ABOUT THIS EXERCISE » The answer is to be the lines below that lie between the line holding "A4 종이를 반으로 접은" and the line holding "3月10日,在意大利首都罗马,两名男子戴着口罩出行。新华社记者程婷婷摄", inclusive, transcribed exactly and free of pictures.

DATA FOR THE TASK »
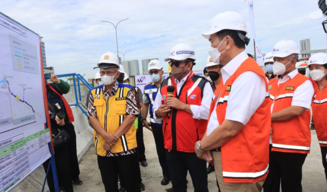 JAKARTA (Bekasi) – Wali Kota Bekasi Rahmat Effendi bersama Plt Bupati Bekasi, Akhmad Marjuki mendampingi Menteri Koordinator Bidang Kemaritiman dan Investasi Republik Indonesia Luhut Binsar Panjaitan saat menijau proyek lanjutan Jalan Tol Bekasi–Cawang–Kampung Melayu (Becakayu) Ruas Tol 2B, Jumat ( 24/12). Seperti dilaporkan mimbar-rakyat.com grup siberindo.co.
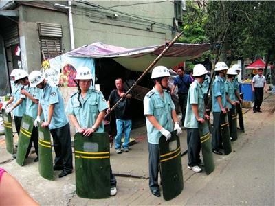 為拆除一違建窩棚,武漢洪山區(qū)組織城管隊(duì)員手持盾牌,將窩棚圍得水泄不通,希望用此“鐵桶陣執(zhí)法”困走釘子戶。雙方在僵持5分鐘后,達(dá)成協(xié)議。盤踞社區(qū)近半年的違章窩棚被拆除(6月29日《楚天都市報(bào)》)。
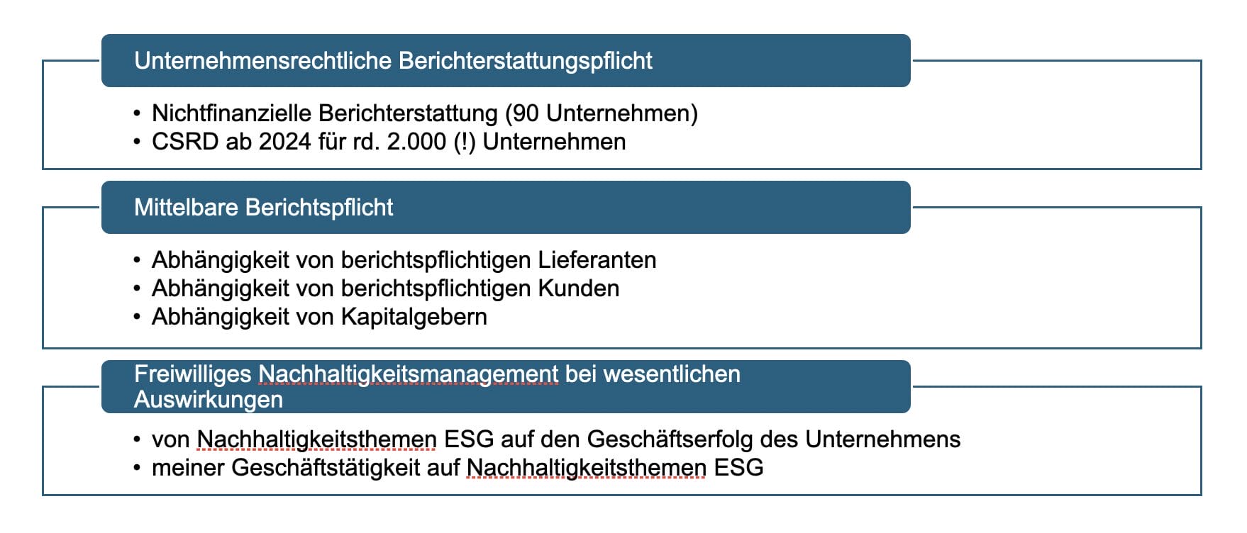 Environment - Social - GovernanceBerichterstattungspflichten sind als CSRD - Corporate Sustainability Reporting Directive auf EU Ebene definiert und in den ESRS - European Sustainability Reporting Standards (E1 - E 10) und der EU Taxonomie-Verordnung weiter konkretisiert.
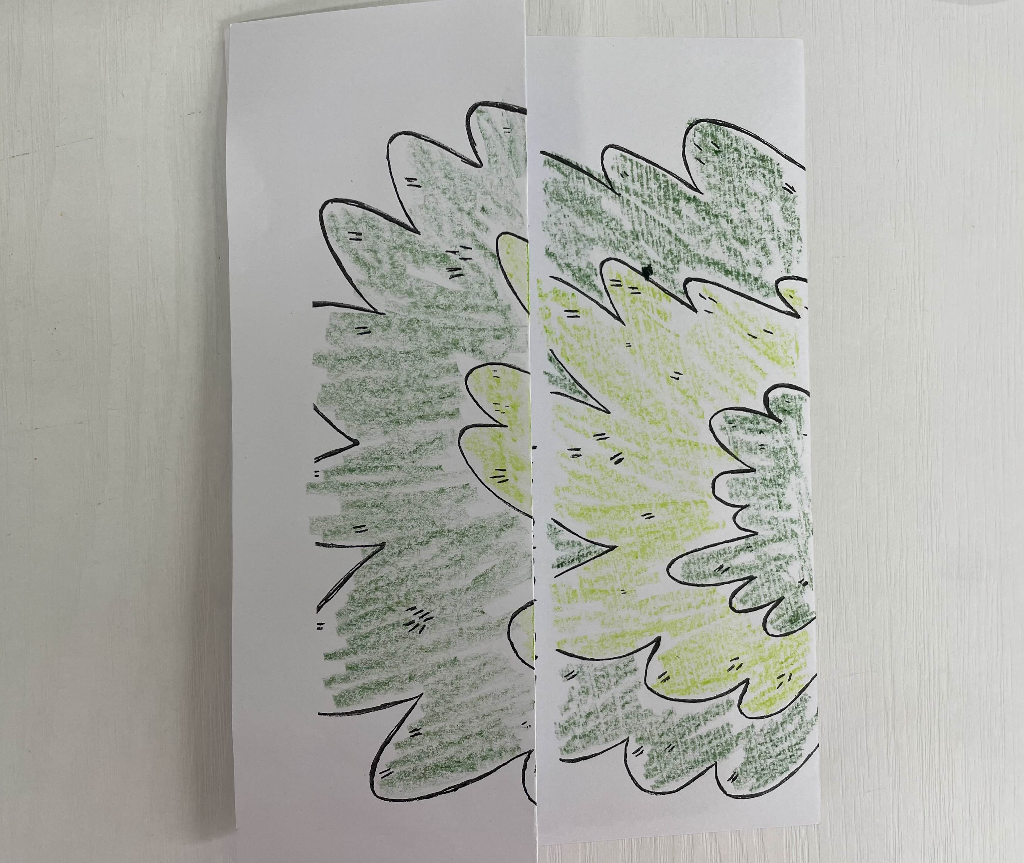 A4 종이를 반으로 접은 후 위쪽 부분만 다시 반을 접어 올리면 아래와 같이 풀 그림이 이어지게 됩니다. 위쪽 풀이 있는 종이를 잡아당겨 펴주면 위에 첨부한 것과 같은 양이 나오게 되지요!
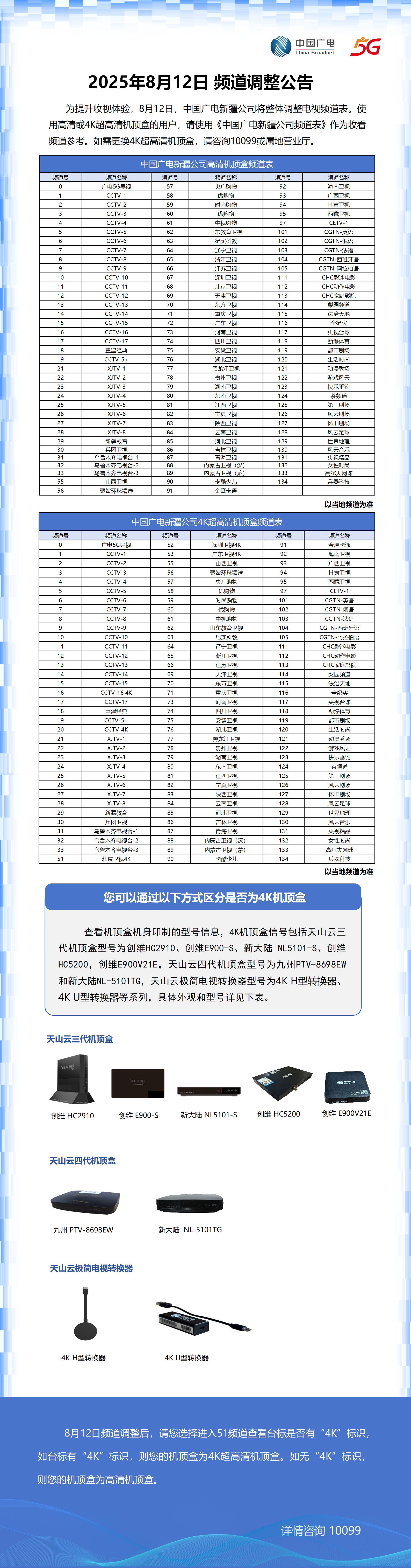 为提升用户收视体验及加快推进有线电视网络高清化进程,中国广电新疆公司将于8月12日凌晨对电视频道及排序进行调整,请重启机顶盒即可完成节目自动搜索。详询客服热线10099,广电“码上办”或属地营业厅。
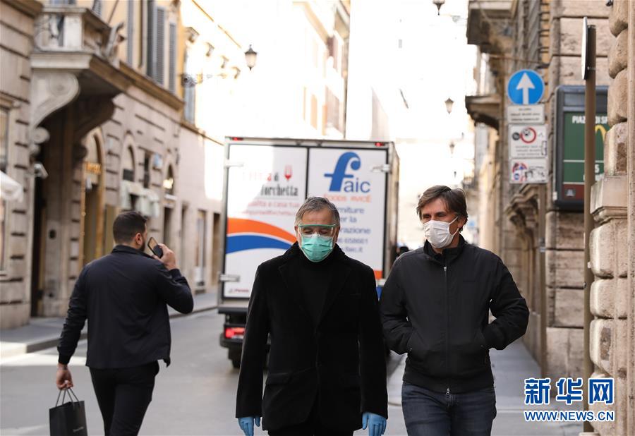 3月10日,在意大利首都罗马,两名男子戴着口罩出行。新华社记者程婷婷摄
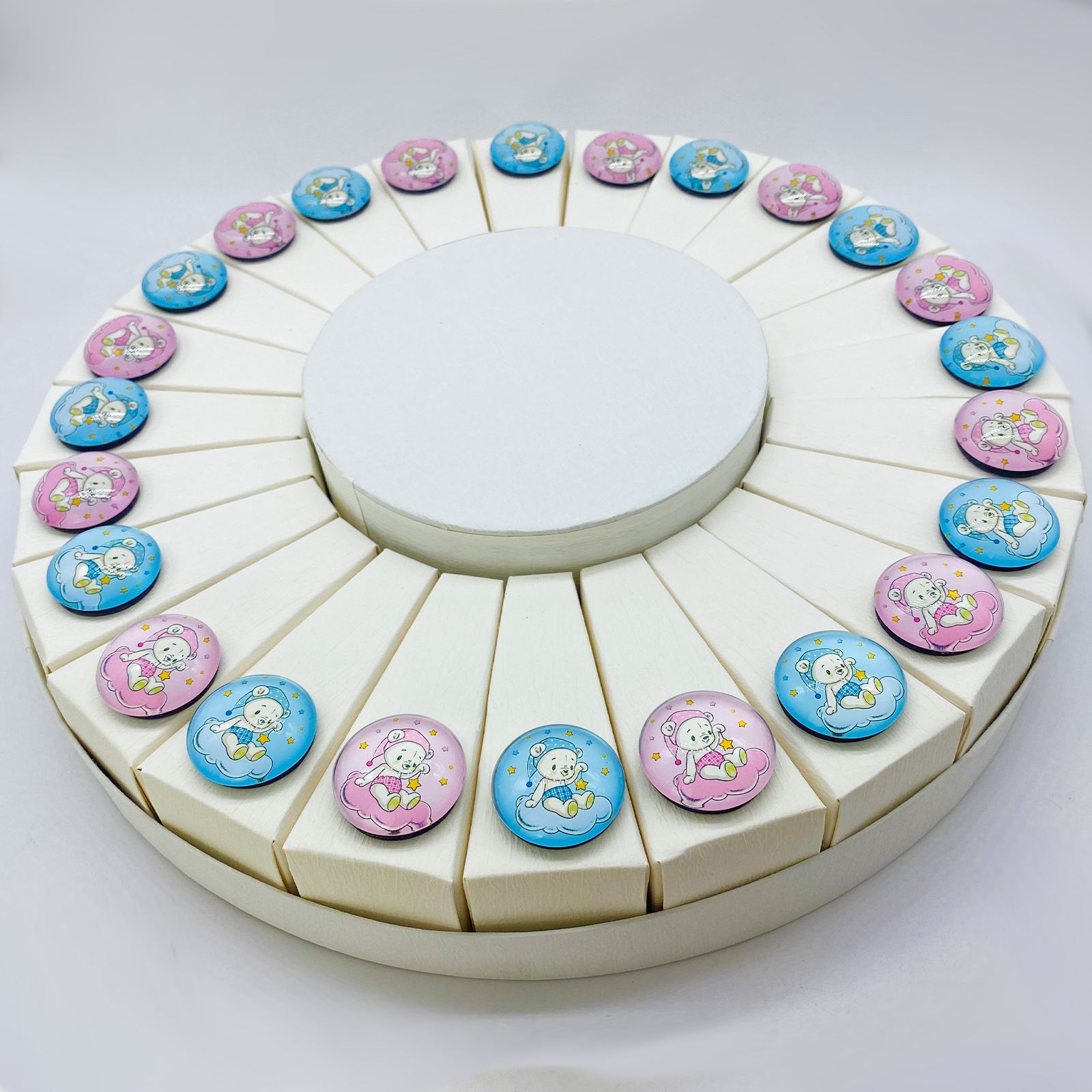 Scegli la nostra Torta di Fette Scatoline Neutra Bianca per rendere ogni evento legato alla nascita dei tuoi gemelli indimenticabile.Questa bomboniera presenta una struttura di fette/scatole bianche in cartoncino, che emana eleganza e raffinatezza. Il vassoio bianco completa il suo aspetto, adattandosi a qualsiasi tema o stile dell'evento. Ogni fetta è impreziosita da graziose applicazioni in vetro tagliate in forma semi-sferica. Le applicazioni nascita raffigurano un tenero orsetto seduto su una nuvola, con il suo cappello da notte, circondato da stelline.

RESPONSE FOR THIS EXERCISE »
 A4 종이를 반으로 접은 후 위쪽 부분만 다시 반을 접어 올리면 아래와 같이 풀 그림이 이어지게 됩니다. 위쪽 풀이 있는 종이를 잡아당겨 펴주면 위에 첨부한 것과 같은 양이 나오게 되지요!
 为提升用户收视体验及加快推进有线电视网络高清化进程,中国广电新疆公司将于8月12日凌晨对电视频道及排序进行调整,请重启机顶盒即可完成节目自动搜索。详询客服热线10099,广电“码上办”或属地营业厅。
 3月10日,在意大利首都罗马,两名男子戴着口罩出行。新华社记者程婷婷摄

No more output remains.